In the second drawing, Hoüel reinterpreted another episode already illustrated by Prieur. He emphasizes once again the presence of La Fayette through his wife: the marquise de La Fayette, seen in the foreground, collecting the alms beside servicemen in uniform. The two drawings illustrate the funeral services of the citizens killed in the siege of the Bastille. In Prieur's drawing, the service takes place in the church of Saint-Jacques-l'Hôpital, but in Hoüel's the scene is set in the church of the Saint-Sepulcre, in the rue Saint-Denis, which was destroyed around 1792. The families of the victims, victors of the 14 July, are represented entirely overwhelmed by emotion. While Prieur's drawing describes meticulously the church's interior, Hoüel's instead emphasizes the presence in the foreground of the marquise de La Fayette and the animosity of the scene. The priest preaches tumultuously from his pulpit, with arms flung open, while in the foreground people gather chairs to hire out, whose profits would be given to the widows of dead citizens. On the walls, black draperies have been set up for the funeral ceremony.

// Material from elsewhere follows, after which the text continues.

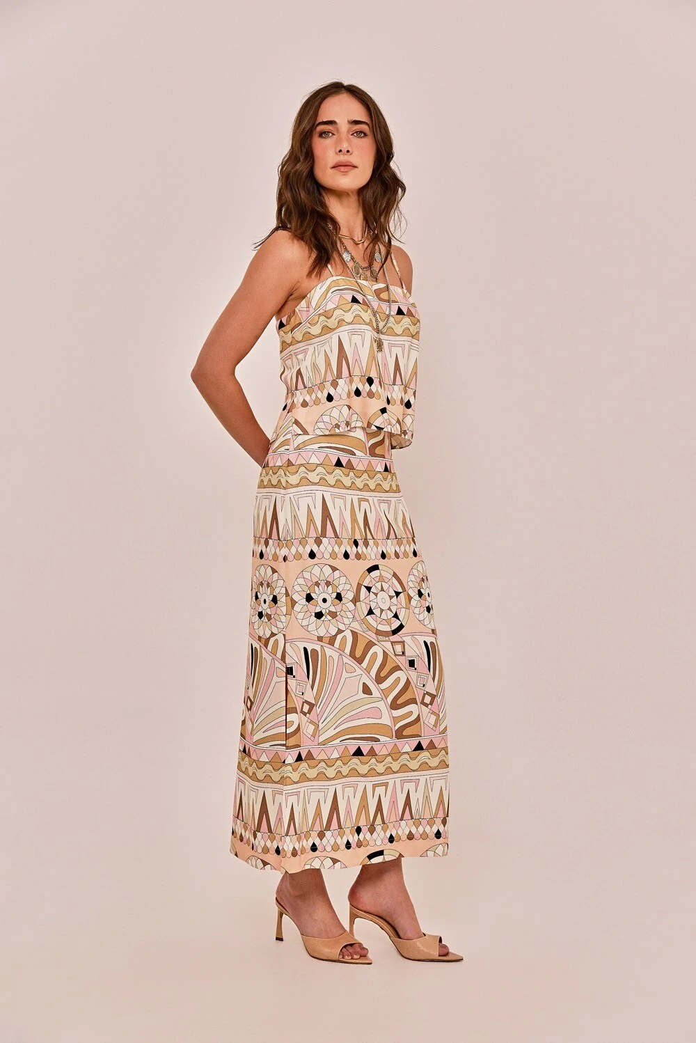 Use a saia Tina com a blusa Tiger em mesmo tecido e cor, e o resultado é um conjunto leve, fresco e cheio de charme. Parte da coleção Barcelona, criada para refletir a elegância moderna, o frescor do Mediterrâneo e o encanto das ruas espanholas.

Despite an old label on the back of the frames attributing the two drawings to Jean Duplessi- Bertaux, the author of these sheets must be recognized as Hoüel. In fact, on 4 July 1792 the architect Vaudoyer, who was in charge of the castle of Chavaniac, one of La Fayette's properties, informed La Fayette that the Tableaux historiques ordered by the marquis had arrived at the castle: "I have received the nine Tableaux des événements de la Révolution that you had ordered before your departure from M. Hoüel. They are: L'évènement du Prince Lambesc, Prise d'armes au Garde-Meuble, Prise d'armes aux Invalides, Prise de la Bastille, Intérieur de la Bastille, Quête de Mme de la Fayette au Sépulcre, Bénédiction des drapeaux à Notre-Dame, arrivée du Roi à Paris le 17 juillet, Arrivée du Roi à Paris le 6 octobre (Chavaray, op. cit.). Among these, we recognize the present two drawings; the others, for example La Prise de la Bastille (fig.2), are for the most part kept at the Bibliothéque Nationale de Paris (see La Révolution française. Le Premier Empire, op.cit.). The style, like the dimensions, of the present drawings and of Prise de la Bastille are the same, whereas they are are different from those of Duplessi-Bertaux, as we can observe in other sheets he drew for the Tableaux Historiques, which are now kept in the British Museum, London (see C. Hould, 'Les dessins originaux de Duplessi-Bertaux pour les vignettes des portraits des Tableaux historiques de la Révolution Française', in Symbols, Myths and Images of the French Revolution, Essays in Honour of James A. Leith, University of Regina, Canada, 1998, pp.73-89).
With his friend Moreau le Jeune, Hoüel was involved in the revolutionary events. He was a regular at the "Loge des Neuf Soeurs" where, surrounded by the authors of the American and French revolutions, the artists devoted to the propaganda met.
It is therefore no accident that La Fayette commissioned him to execute this series, which is supposed to reproduce some of the episodes that were already illustrated by Prieur. By reinterpreting the two subjects from his own point of view, in a different manner from the etchings which had already been published, Hoüel emphasizes the role and the presence of La Fayette, more than was the case in the previous prints. Was La Fayette thinking of publishing another edition of the Tableaux Historiques or was it rather a personal souvenir of the glorious and difficult time he had lived?